You may be aware of it being unlawful in the European Union to name or refer to any sparkling wine “Champagne” unless it is produced in the Champagne region of France. France’s Comité Champagne has a reputation for being particularly aggressive and litigious in protecting their trademark, with a recent multifaceted court battle with an Australian woman calling herself ‘Champagne Jayne’ concluding in 2017 – she won and has the right to continue operating under that name.

In a similar vein, Australian winemakers have just recently determined that the term for any wine made with Nero d’Avola grapes must not be used to describe any wines that are not from the Italian region of Avola in the south east of Sicily. This declaration has been made by the Geographical Indications Committee, which has power to grant protection to such terms under the Wine Australia Act 2013 (Cth) (the Act), and comes as a result of a push from Italy’s Ministry of Agriculture to prevent the sale of Australian Nero d’Avola wines in the UK.
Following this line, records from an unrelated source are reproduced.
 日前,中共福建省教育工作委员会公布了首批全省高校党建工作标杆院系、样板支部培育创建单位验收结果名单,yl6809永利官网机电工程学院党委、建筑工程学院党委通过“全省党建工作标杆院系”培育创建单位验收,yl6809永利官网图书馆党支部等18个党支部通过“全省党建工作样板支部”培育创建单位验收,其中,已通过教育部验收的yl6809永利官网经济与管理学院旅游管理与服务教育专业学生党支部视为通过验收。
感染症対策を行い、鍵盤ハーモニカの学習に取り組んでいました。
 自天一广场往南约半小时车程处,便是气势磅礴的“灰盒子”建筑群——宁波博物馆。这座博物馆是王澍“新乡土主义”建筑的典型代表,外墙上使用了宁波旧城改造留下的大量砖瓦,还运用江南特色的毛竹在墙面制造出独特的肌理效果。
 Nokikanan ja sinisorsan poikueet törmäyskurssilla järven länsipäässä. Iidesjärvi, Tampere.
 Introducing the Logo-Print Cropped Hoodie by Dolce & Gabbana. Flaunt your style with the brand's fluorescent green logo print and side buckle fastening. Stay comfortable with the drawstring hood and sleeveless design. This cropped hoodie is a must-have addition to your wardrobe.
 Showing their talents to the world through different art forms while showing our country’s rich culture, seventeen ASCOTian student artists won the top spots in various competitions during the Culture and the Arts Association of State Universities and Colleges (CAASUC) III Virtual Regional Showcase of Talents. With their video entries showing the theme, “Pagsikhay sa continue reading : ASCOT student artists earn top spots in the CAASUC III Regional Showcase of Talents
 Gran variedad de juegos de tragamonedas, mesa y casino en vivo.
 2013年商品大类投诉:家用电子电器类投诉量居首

As a result of this determination Australian winemakers that produce Nero d’Avola wine now face some uncertainty as to whether they are allowed to trademark their wines if it includes some variation of the term Nero d’Avola, despite this accurately describing the product.
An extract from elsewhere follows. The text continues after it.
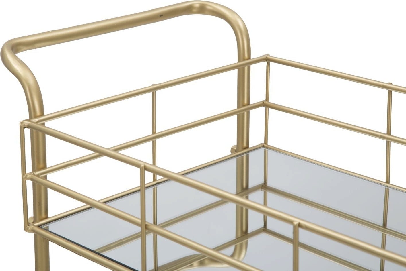 Dieser rechteckige Metallwagen ist ein unverzichtbares Accessoire für jedes glamouröse Zuhause! Das goldfarbene Gestell verleiht dem Möbelstück eine edle Ausstrahlung und macht es in jedem Ambiente zum absoluten Blickfang. Ausgestattet mit drei verspiegelten Ablagen, bietet der Wagen eine luxuriöse Bühne für Gläser, Getränke oder Dekorationsobjekte.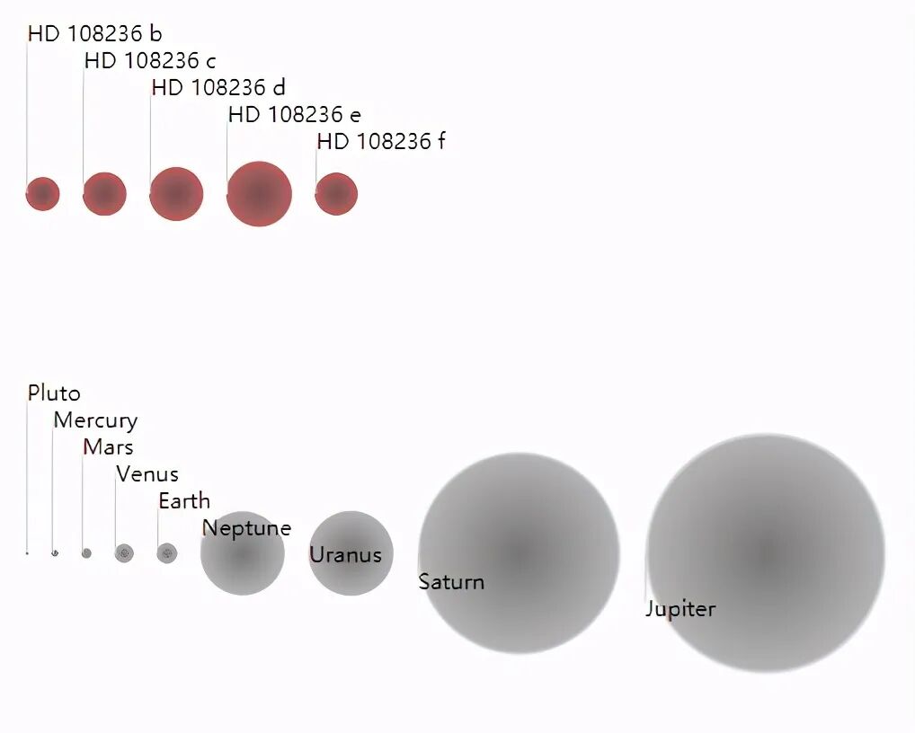 而在我们的太阳系里,最内侧的水星距太阳5800万公里,绕太阳一周需要88天,而最外侧的海王星则需要165年!如此近的距离,居然还存在三颗气态行星,目前来看实在有些不可思议。按太阳系来说,内太阳系4颗行星,包括2.3亿公里外的火星形成时都是岩石星球,在HD 108236中这四颗星球距母恒星都不足2100万公里,按理说炙热的太阳风早该把它们的气体吹走得差不多了,更进一步的研究或许能够为我们带来更准确的结果。

More seriously, protection under Part VIB of the Act also makes it illegal to falsely describe or present wine as the product of a certain protected geographical indication – in this case, Avola – with penalties of imprisonment of up to 2 years.

Winemakers should be acutely aware of this new restriction and make sure their grapes don’t attract the wrath of Wine Australia or other overseas regulatory bodies.